Attendees at our monthly Lunch Clubs may have had the pleasure of meeting Henry Webb, a lively widower with shining eyes and great energy. A Tottenham resident, he is a regular at the Lunch Club, alongside his friend Jason. Local journalist Telma Marotto spoke with Henry about his life and his approach to the turns it has taken.
The first time Jason and Henry came to the Hornsey Vale Community Centre was in 2014. They had a friend in common who used to live in Denton Road and was ill. Jason had heard about the lunch, which was across the street from their friend, and he invited Henry to attend, to try to persuade their friend to go with them. Their friend declined in the end, but since they were already so close and “had to eat anyways” they decided to check out the venue. Since then, they keep coming together almost every month.
“We really enjoy it and we will keep coming, because without people coming, it will stop,’’ Henry said on a recent bright Saturday morning at nearby Stationers Park. “For many people this is all they’ve got, so if we can be there for them, we will. And we have fun.”

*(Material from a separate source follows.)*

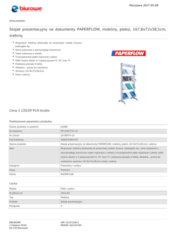 Warszawa 2017-03-08 Karta produktu: Stojak prezentacyjny na dokumenty PAPERFLOW, mobilny, pleksi, 167,8x72x38,5cm, srebrny Ekspozytor mobilny doskonały do prezentacji ulotek, broszur, katalogów itp. Rama wykonana z wytrzymałego aluminium Toper wykonany z metalu 4 transparentne półki wykonane z pleksi Półki można ułożyć w 3 płaszczyznach 0', 45' oraz 75' Podstawa posiada 4 kółka Składany - prosty do rozłożenia Wymiary: 167,8x72x38,5cm Kolor: srebrny Cena 2 220,09 PLN brutto Podstawowe parametry produktu Numer produktu w systemie 61080 Nr dostawcy PF12A4TT35-19 Nr Celcen 20-00979-16 Kod kreskowy 3660141882193 Nazwa produktu Stojak prezentacyjny na dokumenty PAPERFLOW, mobilny, pleksi, 167,8x72x38,5cm, srebrny Opis Ekspozytor mobilny doskonały do prezentacji ulotek, broszur, katalogów itp.; rama wykonana z wytrzymałego aluminium; toper wykonany z metalu; 4 transparentne półki wykonane z pleksi; półki można ułożyć w 3 płaszczyznach 0', 45' oraz 75'; podstawa posiada 4 kółka; składany - prosty do rozłożenia; wymiary: 167,8x72x38,5cm; kolor: srebrny Kategoria Prezentery i sortery Klasa Premium Marka PAPERFLOW Cecha Rodzaj Pólki z pleksi W ofercie od 2016-09 Typ Mobilny Produkt Stojak prezentacyjny Przegrody 4 EBIUROWE 1 Sierpnia 39/26 02-134 Warszawa NIP: 5222725611 REGON: 362214769 Warszawa 2017-03-08 Karta katalogowa produktu cd. Stojak prezentacyjny na dokumenty PAPERFLOW, mobilny, pleksi, 167,8x72x38,5cm, srebrny Wymiary Wymiary (mm) 1678x720x385 Rozmiar 4 półki Wspólny słownik zamówień CPV 30193500-3 Stojak na materiały reklamowe Certyfikaty Nowy produkt w ofercie Standard Hit Standard Kolor Kolor Srebrny Serdecznie zapraszamy do współpracy EBIUROWE zespół. EBIUROWE 1 Sierpnia 39/26 02-134 Warszawa NIP: 5222725611 REGON: 362214769

Even though Henry does not live in Crouch End, his relationship with the Hornsey Vale area started long ago, even if in an indirect way. Henry was a printer for most of his life and in the 1950s was indentured with the Stationers’ Company. The park where we are having our chat on this sunny mid-June morning was built on the site of a former Stationers’ Company School, which makes me realise how much of London history I was about to get into in the next hour and a half with this North Londoner explorer.
Don’t think it’s easy to find time in Henry’s schedule. At the age of 86, he keeps himself busy: gym twice a week followed by coffee with the gym colleagues and, once a month, lunch at the centre; volunteering twice a week. On Fridays and Sundays he meets his daughter for a meal, chat, and walk with her dogs. Saturday is his day off. Lucky me!
Keeping himself busy is part of what brings a smile to this face even after a heart condition that has left him with five stents. Doing all this is “better than sitting on a couch somewhere, isn’t it?” he says.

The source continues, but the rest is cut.